9 – Now a look at the results from the HANA calculation view. You can see a match with the Cold data output from the HANA calculation view and the native GBQ output.
10 – An important consideration when using SDA is ensuring you do not return all the rows from a federated query to HANA. Instead you want to push down data intensive operations to the source and return a limited number of rows to HANA. In the example we are looking at there are 1000 rows in GBQ but we only need to return one row from GBQ as an aggregated sum of the fact data. There are a couple was to validate your federated query is being pushed down.
10a – You can look at the smart data access log. In the below example you can see in green our aggregation SQL is being pushed down to GBQ and as a result one row being returned. In red you can see no aggregation and 200 rows being returned. The volume here is small, however when working with millions or billions of rows it becomes extremely important to not move such large datasets to HANA VIA a real-time SQL query. If you need to work with the large unaggregated dataset in HANA then you can consider moving it to HANA via SDI
10b – You can look at the HANA Visualize plan to see more details on the execution plan. You can see in the below trace in green the SQL statement that has been pushed to GBQ for execution. One row is returned to the Union from both the HOT and Cold sources. This can then be consumed by the BI layer.

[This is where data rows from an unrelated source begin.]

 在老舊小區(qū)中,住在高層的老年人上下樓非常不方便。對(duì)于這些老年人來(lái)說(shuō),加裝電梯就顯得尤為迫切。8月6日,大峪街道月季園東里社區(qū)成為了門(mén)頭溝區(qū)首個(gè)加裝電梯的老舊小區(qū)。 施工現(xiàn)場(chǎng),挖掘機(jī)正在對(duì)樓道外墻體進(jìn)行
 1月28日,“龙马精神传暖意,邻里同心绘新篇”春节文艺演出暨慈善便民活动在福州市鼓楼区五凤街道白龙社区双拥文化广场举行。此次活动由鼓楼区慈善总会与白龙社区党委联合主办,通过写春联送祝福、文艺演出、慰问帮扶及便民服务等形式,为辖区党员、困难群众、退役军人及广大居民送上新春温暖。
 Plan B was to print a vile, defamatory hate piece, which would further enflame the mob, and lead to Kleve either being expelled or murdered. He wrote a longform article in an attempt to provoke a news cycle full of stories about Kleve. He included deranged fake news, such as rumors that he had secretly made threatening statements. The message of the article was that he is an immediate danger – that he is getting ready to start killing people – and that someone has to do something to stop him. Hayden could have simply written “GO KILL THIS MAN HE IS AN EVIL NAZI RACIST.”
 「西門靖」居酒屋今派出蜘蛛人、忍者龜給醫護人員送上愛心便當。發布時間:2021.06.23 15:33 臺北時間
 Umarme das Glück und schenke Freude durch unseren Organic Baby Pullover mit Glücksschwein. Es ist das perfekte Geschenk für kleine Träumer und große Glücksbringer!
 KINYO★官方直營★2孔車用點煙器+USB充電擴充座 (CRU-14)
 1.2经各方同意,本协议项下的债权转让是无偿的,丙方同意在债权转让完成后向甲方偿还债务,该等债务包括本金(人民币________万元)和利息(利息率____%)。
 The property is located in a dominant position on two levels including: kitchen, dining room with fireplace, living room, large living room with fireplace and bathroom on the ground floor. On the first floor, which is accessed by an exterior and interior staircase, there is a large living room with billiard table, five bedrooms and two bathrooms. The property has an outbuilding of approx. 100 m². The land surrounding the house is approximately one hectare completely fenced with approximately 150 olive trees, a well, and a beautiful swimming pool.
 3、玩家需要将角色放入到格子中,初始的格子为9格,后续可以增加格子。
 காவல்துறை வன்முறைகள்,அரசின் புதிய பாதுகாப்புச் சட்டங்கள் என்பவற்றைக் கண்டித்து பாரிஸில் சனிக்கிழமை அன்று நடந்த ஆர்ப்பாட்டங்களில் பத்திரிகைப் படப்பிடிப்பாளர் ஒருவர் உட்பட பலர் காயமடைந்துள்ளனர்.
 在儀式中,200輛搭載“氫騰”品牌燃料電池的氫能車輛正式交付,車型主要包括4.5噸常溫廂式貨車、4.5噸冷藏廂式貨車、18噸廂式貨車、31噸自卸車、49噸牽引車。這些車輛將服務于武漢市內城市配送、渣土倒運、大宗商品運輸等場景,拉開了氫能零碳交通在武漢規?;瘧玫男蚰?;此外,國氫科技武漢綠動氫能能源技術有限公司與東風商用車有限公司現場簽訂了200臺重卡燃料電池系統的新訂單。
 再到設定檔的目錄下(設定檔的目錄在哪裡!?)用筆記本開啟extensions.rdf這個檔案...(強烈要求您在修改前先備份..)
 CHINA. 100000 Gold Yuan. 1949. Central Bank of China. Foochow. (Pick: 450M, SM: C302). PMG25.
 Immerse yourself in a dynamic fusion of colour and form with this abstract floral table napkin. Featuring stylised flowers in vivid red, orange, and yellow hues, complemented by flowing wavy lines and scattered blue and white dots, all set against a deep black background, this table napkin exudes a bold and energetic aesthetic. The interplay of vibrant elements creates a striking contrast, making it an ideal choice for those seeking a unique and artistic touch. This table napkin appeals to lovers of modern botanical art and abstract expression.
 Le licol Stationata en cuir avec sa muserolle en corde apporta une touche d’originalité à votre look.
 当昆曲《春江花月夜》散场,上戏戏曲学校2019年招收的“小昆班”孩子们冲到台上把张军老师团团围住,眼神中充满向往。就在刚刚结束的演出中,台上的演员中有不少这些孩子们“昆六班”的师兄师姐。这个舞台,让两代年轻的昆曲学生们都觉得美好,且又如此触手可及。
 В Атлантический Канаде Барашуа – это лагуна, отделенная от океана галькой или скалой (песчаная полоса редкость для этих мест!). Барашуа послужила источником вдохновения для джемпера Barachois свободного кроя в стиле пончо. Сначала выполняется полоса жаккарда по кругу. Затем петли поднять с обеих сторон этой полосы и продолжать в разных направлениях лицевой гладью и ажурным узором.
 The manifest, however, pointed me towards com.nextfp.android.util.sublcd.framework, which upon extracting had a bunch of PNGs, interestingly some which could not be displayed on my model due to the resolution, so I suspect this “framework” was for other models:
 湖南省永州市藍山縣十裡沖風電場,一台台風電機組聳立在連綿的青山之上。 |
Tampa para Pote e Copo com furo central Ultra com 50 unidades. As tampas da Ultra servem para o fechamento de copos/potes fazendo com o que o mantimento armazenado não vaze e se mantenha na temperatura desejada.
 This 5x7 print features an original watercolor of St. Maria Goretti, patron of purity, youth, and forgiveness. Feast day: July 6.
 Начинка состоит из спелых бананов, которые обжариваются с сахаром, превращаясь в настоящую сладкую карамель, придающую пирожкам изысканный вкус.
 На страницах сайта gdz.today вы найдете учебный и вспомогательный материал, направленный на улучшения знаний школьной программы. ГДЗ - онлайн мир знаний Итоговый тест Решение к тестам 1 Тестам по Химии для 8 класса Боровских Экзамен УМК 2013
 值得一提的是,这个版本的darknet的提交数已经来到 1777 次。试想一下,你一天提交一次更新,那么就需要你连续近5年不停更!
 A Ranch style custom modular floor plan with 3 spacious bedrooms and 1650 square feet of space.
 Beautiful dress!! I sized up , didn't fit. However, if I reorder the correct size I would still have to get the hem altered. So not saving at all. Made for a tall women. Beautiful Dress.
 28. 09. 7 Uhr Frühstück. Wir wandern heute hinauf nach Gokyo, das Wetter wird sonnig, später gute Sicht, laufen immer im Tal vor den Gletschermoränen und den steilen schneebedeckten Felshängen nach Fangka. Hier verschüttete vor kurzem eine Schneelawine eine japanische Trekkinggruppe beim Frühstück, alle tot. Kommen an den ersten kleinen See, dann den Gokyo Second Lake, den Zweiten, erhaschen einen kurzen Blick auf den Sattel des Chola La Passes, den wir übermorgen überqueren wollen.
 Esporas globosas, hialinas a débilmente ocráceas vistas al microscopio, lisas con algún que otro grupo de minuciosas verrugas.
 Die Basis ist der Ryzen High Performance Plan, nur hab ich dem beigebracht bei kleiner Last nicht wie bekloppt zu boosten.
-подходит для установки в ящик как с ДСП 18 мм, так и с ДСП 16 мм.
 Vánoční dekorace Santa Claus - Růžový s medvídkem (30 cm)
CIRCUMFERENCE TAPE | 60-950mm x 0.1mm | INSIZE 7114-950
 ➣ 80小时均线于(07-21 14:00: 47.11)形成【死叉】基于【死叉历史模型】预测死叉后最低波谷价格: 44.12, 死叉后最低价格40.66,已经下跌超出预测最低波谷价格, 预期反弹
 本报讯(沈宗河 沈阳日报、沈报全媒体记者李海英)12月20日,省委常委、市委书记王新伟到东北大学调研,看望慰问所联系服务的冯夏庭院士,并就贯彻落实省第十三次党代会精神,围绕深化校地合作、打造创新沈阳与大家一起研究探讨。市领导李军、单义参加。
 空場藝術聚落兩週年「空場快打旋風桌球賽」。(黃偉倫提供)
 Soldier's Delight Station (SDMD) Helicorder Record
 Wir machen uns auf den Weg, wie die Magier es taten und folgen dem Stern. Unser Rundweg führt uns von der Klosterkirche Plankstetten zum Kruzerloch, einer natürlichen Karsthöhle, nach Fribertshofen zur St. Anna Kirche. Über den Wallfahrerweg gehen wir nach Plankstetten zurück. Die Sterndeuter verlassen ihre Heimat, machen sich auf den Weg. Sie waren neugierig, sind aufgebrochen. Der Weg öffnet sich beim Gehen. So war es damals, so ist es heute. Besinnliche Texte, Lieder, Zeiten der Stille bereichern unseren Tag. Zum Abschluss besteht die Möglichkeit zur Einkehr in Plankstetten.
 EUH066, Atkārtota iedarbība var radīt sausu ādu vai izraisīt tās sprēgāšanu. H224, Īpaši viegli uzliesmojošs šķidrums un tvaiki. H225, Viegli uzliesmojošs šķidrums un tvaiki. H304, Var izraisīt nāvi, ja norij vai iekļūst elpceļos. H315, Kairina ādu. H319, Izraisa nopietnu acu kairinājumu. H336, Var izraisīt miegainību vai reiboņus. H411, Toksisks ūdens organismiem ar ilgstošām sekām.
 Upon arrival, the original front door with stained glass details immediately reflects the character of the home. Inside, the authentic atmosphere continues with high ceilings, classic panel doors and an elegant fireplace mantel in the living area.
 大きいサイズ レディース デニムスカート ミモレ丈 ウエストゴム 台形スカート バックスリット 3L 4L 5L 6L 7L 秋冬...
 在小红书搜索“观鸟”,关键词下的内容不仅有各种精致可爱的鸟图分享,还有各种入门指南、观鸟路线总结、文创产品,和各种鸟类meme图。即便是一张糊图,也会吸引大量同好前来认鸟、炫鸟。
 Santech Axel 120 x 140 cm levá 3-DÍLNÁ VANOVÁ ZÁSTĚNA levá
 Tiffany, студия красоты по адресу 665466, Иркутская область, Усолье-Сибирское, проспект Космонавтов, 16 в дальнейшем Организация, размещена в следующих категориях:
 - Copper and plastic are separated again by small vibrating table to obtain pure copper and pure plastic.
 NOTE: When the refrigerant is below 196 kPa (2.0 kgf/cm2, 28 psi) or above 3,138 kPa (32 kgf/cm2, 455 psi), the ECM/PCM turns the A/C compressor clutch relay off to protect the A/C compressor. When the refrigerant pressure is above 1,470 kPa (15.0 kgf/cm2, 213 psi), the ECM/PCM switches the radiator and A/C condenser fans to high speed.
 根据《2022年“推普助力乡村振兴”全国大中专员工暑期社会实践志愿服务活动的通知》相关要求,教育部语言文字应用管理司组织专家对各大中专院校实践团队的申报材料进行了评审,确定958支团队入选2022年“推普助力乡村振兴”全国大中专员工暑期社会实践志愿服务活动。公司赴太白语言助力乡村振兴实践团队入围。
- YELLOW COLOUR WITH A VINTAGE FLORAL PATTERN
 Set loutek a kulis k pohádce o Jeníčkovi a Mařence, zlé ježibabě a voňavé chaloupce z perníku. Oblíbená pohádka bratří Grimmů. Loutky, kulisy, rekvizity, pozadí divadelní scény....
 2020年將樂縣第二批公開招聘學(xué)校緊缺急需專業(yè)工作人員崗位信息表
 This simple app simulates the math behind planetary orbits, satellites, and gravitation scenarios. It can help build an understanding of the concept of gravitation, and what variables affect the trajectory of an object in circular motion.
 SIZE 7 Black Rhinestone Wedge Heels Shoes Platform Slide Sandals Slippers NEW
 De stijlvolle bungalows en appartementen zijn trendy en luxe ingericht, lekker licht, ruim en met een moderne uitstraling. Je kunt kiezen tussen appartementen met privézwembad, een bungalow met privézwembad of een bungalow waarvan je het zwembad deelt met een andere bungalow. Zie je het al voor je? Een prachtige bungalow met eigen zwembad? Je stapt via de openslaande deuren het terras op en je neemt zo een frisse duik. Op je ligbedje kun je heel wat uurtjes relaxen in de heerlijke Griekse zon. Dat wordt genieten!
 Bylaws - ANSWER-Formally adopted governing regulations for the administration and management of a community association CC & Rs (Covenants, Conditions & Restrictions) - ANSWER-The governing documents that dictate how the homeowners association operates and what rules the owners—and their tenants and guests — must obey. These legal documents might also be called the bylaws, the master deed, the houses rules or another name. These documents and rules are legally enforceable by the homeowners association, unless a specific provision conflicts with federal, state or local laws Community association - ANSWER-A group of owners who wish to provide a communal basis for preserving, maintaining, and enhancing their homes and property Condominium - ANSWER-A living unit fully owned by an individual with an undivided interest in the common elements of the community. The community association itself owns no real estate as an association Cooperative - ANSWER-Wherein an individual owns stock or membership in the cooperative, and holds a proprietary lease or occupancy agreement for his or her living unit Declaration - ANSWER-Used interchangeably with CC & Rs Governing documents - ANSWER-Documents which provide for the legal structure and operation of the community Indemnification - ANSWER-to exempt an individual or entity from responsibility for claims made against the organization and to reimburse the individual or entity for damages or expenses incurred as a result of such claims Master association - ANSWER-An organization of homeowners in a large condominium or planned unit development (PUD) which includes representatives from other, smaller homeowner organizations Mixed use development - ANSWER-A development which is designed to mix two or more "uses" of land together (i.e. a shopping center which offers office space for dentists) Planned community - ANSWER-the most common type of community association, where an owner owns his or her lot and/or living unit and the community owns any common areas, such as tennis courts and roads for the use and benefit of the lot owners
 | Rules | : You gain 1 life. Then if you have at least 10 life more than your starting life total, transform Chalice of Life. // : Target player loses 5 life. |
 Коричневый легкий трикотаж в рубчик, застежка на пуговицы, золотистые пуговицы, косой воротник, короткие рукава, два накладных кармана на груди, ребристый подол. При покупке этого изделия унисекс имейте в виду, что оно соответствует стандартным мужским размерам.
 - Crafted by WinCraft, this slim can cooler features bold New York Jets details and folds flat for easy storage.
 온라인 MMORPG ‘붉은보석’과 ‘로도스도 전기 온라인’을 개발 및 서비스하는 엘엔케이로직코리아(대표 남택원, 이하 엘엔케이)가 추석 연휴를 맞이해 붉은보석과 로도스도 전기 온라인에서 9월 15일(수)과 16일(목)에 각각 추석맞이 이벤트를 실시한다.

Conclusion: This new bridge into Google BigQuery via HANA SDA opens up even more possibilities and integration opportunities to simplify your data landscapes.
Interesting blog. I was able to install the Google BQ drivers and configure my .odbc.ini file with a DSN sample, however I am not able to test it in either HANA Studio as a Remote source or in command line with isql. Same error message in either case:
hxeadm@hxehost:/usr/sap/HXE/home> isql -v GoogleBQ
[08001][unixODBC][Simba][ODBC] (10380) Unable to establish connection with data source. Missing settings: {[RefreshToken]}
[ISQL]ERROR: Could not SQLConnect
hxeadm@hxehost:/usr/sap/HXE/home>
Am I missing where this gets configured?
already heard about - SAP (Sybase) IQ – the hidden treasure …
Best Regards Roland
I've got similar issue but after modifying the OAuthMechanism=0 (Service Authentication) I could connect via isql.
example:
[ODBC]
Trace=no
[ODBC Data Sources]
BQ=Simba ODBC Driver for Google BigQuery 64-bit
[BQ]
Description=Simba ODBC Driver for Google BigQuery (64-bit) DSN
Driver=<path_to_libgooglebigqueryodbc_sb64.so>
Catalog=<GCP_project_name>
SQLDialect=1
OAuthMechanism=0
Email=xxxxxx
KeyFilePath=<path_to_p12_file>
You can see the exact service account address in the IAM setting of GCP console and also get the p12 file.
Hello,
While creating my remote source i have the following message :
SAP DBTech JDBC: [403]: internal error: : Safe mode not enabled for BigQuery adapter. Please turn on safe mode before creating remote source BIGQ: line 1 col 22 (at pos 21)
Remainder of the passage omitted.